EXPD‑101 has shown a favorable safety profile in Phase 1, with no dose‑limiting toxicities and encouraging pharmacokinetics consistent with once‑daily oral dosing. Biomarker studies confirmed robust target engagement and modulation of neutrophil protease activity.

“Many COPD patients today remain underserved by existing therapies,” said Yi Larson, Founder & CEO of Expedition. “By targeting DPP1, we believe EXPD‑101 has the potential to become a first-in-class agent that tackles the neutrophil pathology underlying disease progression. This financing enables us to move rapidly toward pivotal studies.”

In parallel, Expedition announced the appointment of Andrew Cheng, M.D., Ph.D., CEO of Akero Therapeutics and former CMO at Gilead Sciences, as Chairman of the Board. The company also added Erin Lavelle, Regina Salvat, Jonathan Leff, Ken Harrison, and Gorjan Hrustanovic, enhancing its governance depth.

Expedition’s management team brings deep experience in respiratory drug development and global biotech strategy. Geoff Gilmartin, M.D., the CMO, previously led respiratory and antibody programs at AstraZeneca and Vertex; Eric Hu, Ph.D., Chief Business Officer, has over two decades in biotech and diagnostics at Gilead, Turning Point, and Mitsubishi Tanabe.

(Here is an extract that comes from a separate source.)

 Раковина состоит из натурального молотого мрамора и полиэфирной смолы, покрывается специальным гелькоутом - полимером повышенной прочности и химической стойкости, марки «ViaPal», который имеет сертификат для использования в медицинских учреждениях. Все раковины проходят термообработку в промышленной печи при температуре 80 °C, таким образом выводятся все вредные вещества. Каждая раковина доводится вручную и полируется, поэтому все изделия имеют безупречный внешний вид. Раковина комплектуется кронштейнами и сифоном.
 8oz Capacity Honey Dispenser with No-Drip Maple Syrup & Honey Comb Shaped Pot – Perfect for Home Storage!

The broader DPP1 inhibitor field is gaining momentum. In 2025, Insmed’s brensocatib is poised to become the first approved DPP1 inhibitor for non‑cystic fibrosis bronchiectasis, setting a regulatory precedent and validating the target class. Several other oral DPP1 candidates, such as HSK31858 and BI 1291583, are advancing in respiratory and inflammatory disease trials.

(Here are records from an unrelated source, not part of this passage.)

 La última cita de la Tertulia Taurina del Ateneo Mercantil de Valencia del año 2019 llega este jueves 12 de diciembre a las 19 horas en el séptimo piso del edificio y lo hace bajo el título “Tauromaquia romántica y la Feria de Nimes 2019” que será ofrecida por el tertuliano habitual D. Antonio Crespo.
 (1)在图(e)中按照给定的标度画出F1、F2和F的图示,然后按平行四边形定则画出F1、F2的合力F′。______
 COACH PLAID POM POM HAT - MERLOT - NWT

Analysts estimate the DPP1 inhibitor market could reach multibillion‑dollar scale, driven by growing prevalence of COPD, bronchiectasis, vasculitis, and other neutrophil‑mediated conditions. Expedition’s success will depend on its clinical execution, regulatory alignment, and ability to differentiate EXPD‑101 in safety, efficacy, and patient convenience.

As execution unfolds, Expedition plans site initiation across North America, Europe, and Asia to enroll COPD patients globally. The company sees a path not only to respiratory disease markets but also expansion into chronic neutrophilic disorders with high unmet need.